For every combination of NFA states, Powerset Construction creates a DFA state. Hence no matter which combination of states the NFA is in there is always a DFA state which represents that combination.
Example: a NFA with the states
{a, b, c}will have a DFA with the states{a, b, c, ab, ac, bc, abc}.
Since there are a finite number of states in the NFA, it stands to reason that the number of states in the DFA will also be finite, though
possibly very large; an NFA with n states could result in 2^n DFA states.
To determine the transitions for a particular DFA state, first the underlying NFA states are found. Then, for each possible input character, all the valid NFA transitions for all the underlying NFA states are followed, building up a set of next NFA states for that character. A transition is then created for that character to the DFA state which represents the specific combination of next NFA states.
In practice, as not all combinations of states are reachable, the algorithm starts with the DFA representing the initial NFA state. As it builds transitions and encounters unseen combinations, it adds them it to a queue to be processed. The queue is processed one at a time, and once no more new combinations are encountered, and all combinations have been processed, then all reachable states have been accounted for and the algorithm can stop.
If you just want to understand the concepts behind fuzzy matching, then you can skip the following code-heavy section.
It's time to see what Powerset Construction looks like in C#.
First we'll create a skeleton showing the outline of the algorithm.

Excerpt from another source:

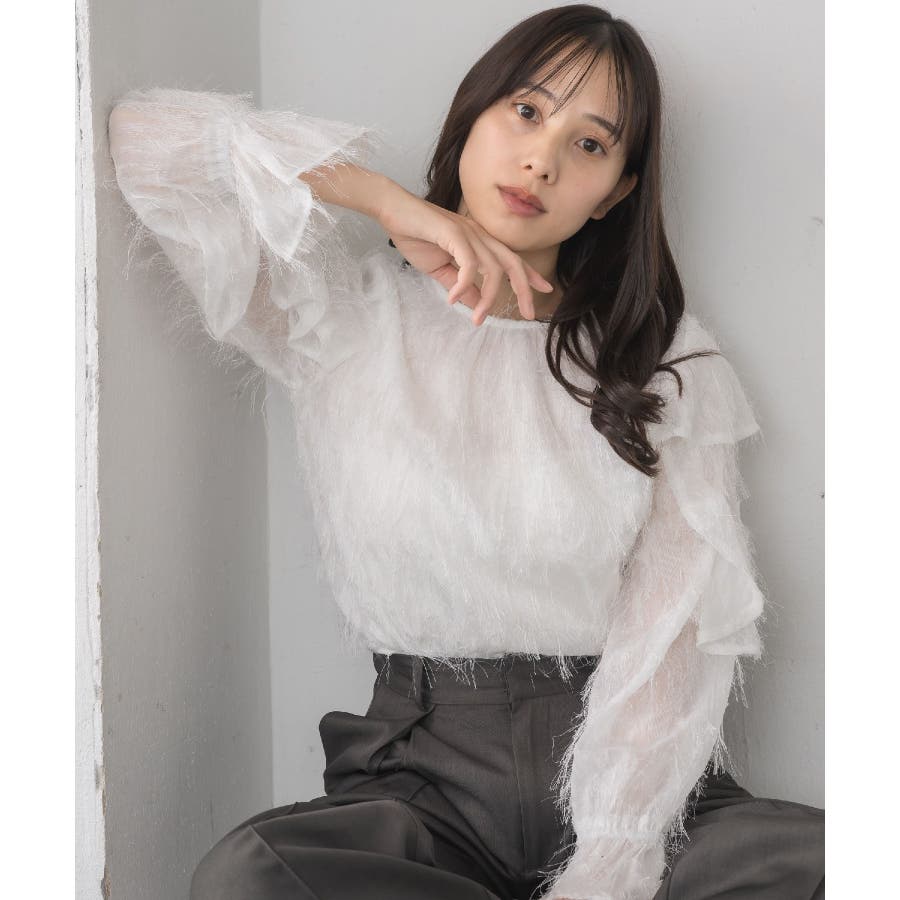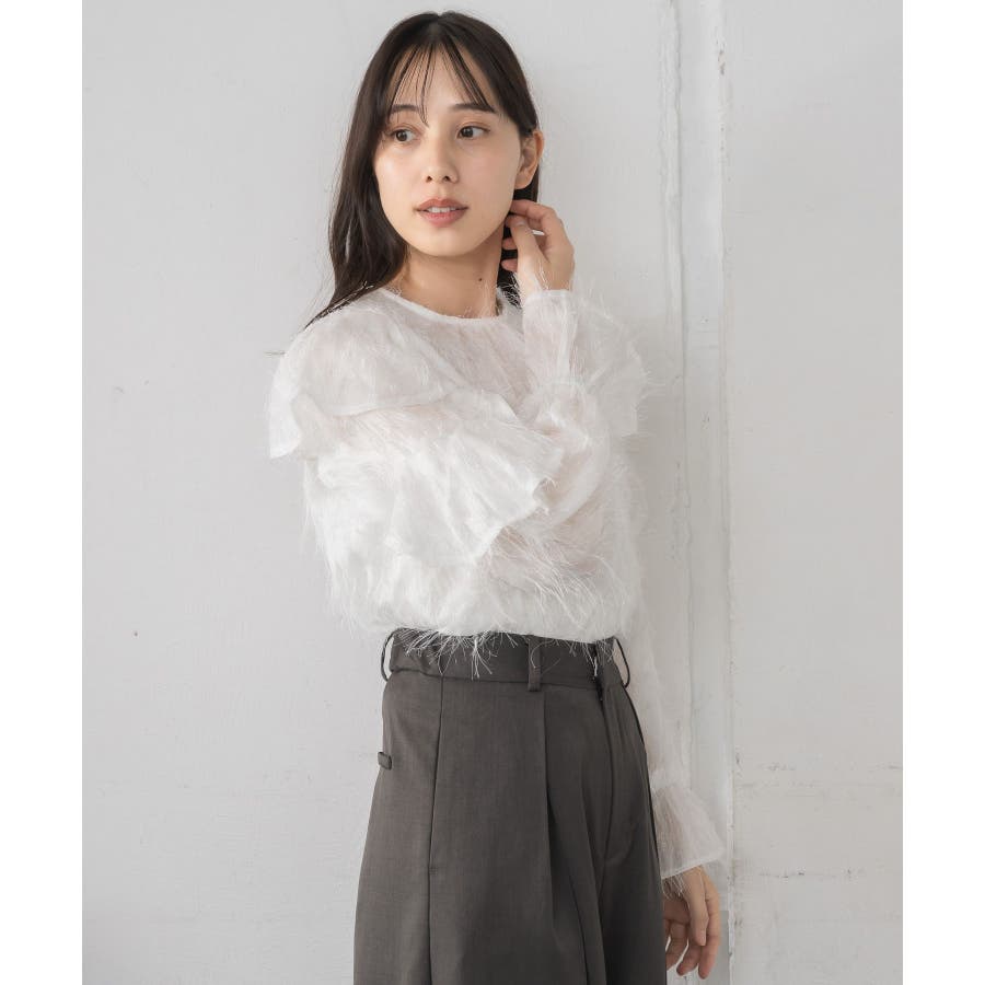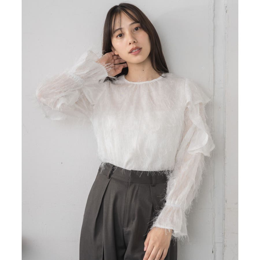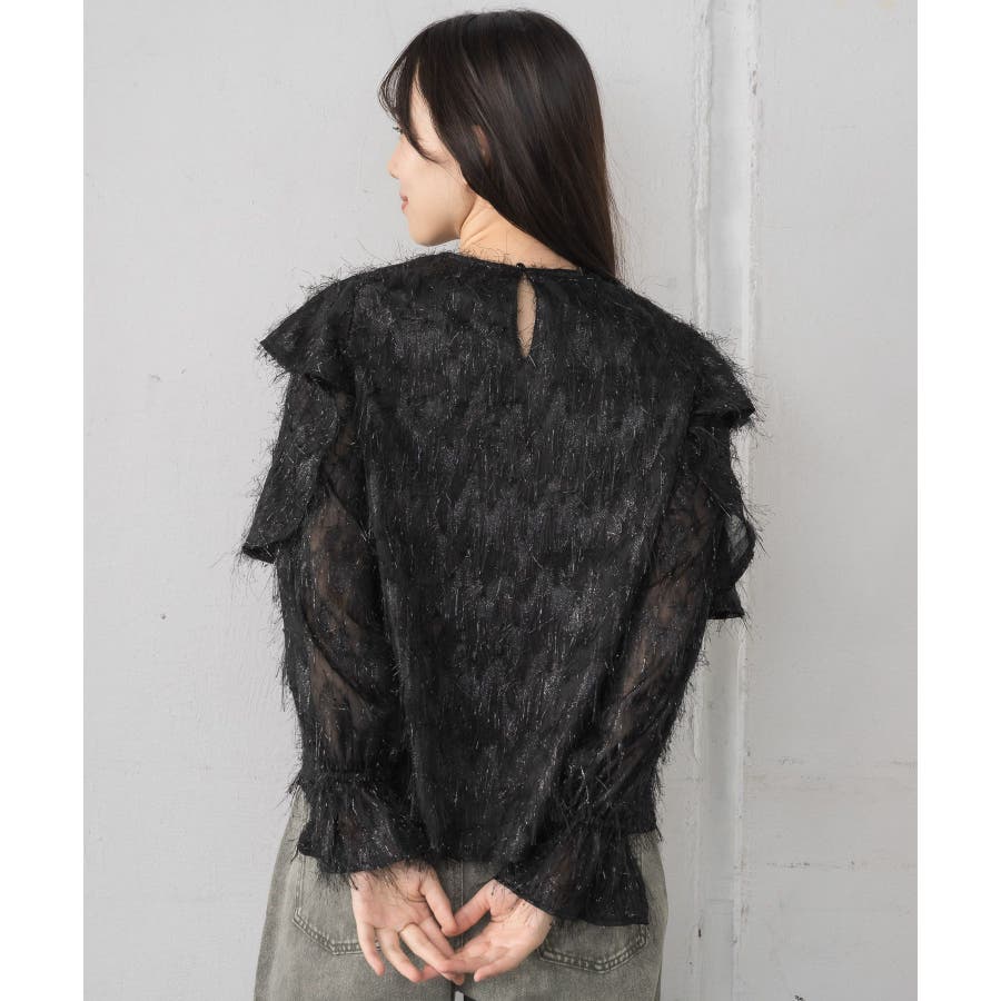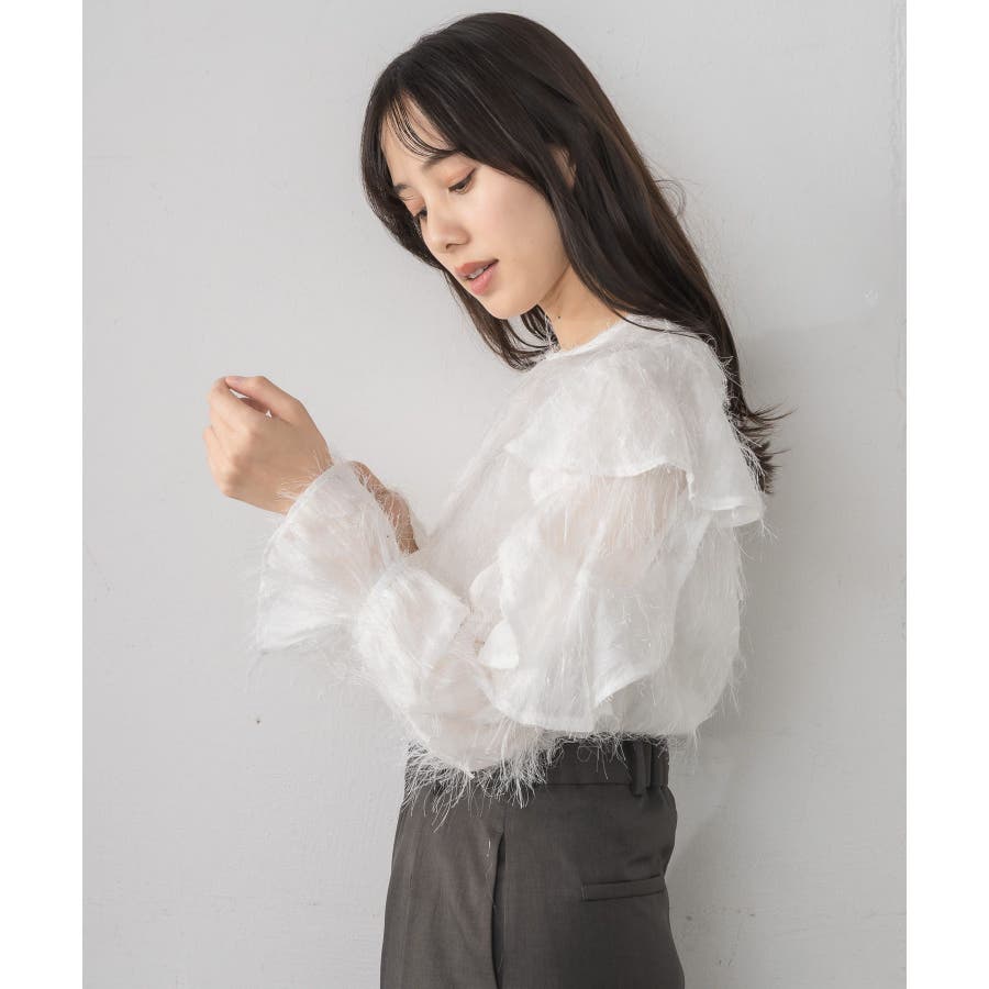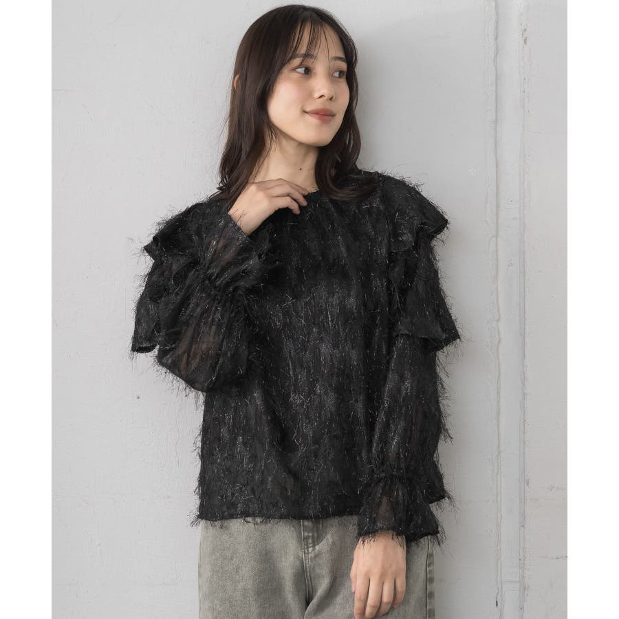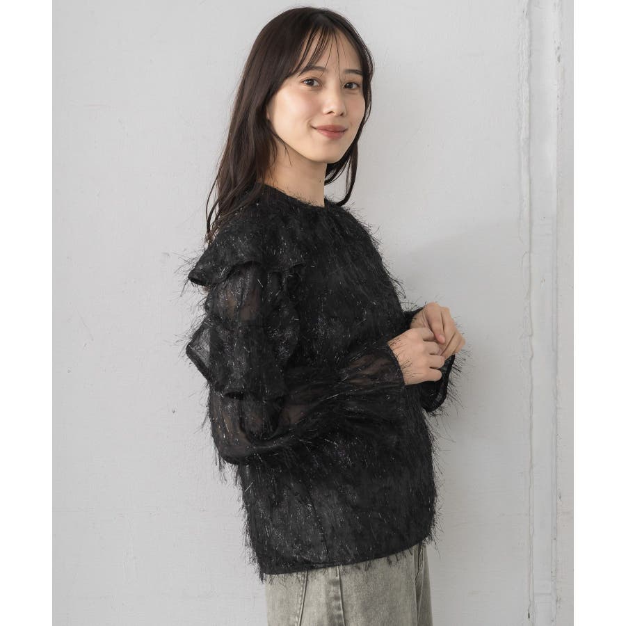 <存在感たっぷりのゴージャスなフリルブラウス>▼デザイン毛足の長いフェザー素材のブラウス。ラメ糸がミックスされているので、存在感のある1枚に、。袖は大き目のフリルデザインが施されていて、インナーに使ってもデザインがしっかり見えます。少し透け感のある素材ですが、ボディ部分にはしっかり裏地がついているので、安心◎バックボタンで着脱可能!▼コーディネートボトムを選ばない使いやすいシンプルデザイン。フロント部分はシンプルなので、ビスチェをレイヤードしても可愛いコーデに。------------------------------生地感:普通伸縮性:なし透け感:なし(袖部分はあり)裏地:ある------------------------------▼ブランド紹介RETRO GIRL (レトロガール)自分らしい“ベーシックアイテム”と新しい自分の”トレンドアイテム”が見つかる場所今らしいファッションを楽しむ女性のためのブランド#フリル #ブラウス #フリルブラウス #トレンドアイテム #甘めブラウス #ブラウスコーデ▼注意事項※撮影環境やモニター環境によって実際の商品とお色味が 多少異なってみえる場合がございます。品番:RP556423T001 / 品名:フェザー肩フリルBL

There's a PowersetConstruction which is aware of the NFA states and has a main method ToDfa() which
starts by inspecting the initial state at (c: 0, e: 0) and continues to process all encountered states.
public class Nfa
{
// To the exising code, add the following method which
public FiniteStateAutomaton ToDfa() => new PowersetConstruction(_states).ToDfa();
}
public class PowersetConstruction(NfaState[,] states)
{
/// <summary>
/// A full list of all DFA states encountered so far
/// </summary>
private readonly List<FsaState> _dfaStates = new ();
/// <summary>
/// Unprocessed DFA states to be processed.
/// </summary>
private readonly Queue<QueueItem> _queue = new ();
private record struct QueueItem(int DfaIndex, (int c, int e)[] NfaStates);
public FiniteStateAutomaton ToDfa()
{
// "Encounter" the initial state
MapNfaStatesToDfaIndex([(c: 0, e: 0)]);
while (_queue.Count > 0)
{
var queueItem = _queue.Dequeue();
ProcessNext(queueItem);
}
return new FiniteStateAutomaton(_dfaStates.ToArray());
}
}
The above skeleton makes reference to MapNfaStatesToDfaIndex, which is defined in the next code block.
Its job is to map combinations of NFA states to a DFA state.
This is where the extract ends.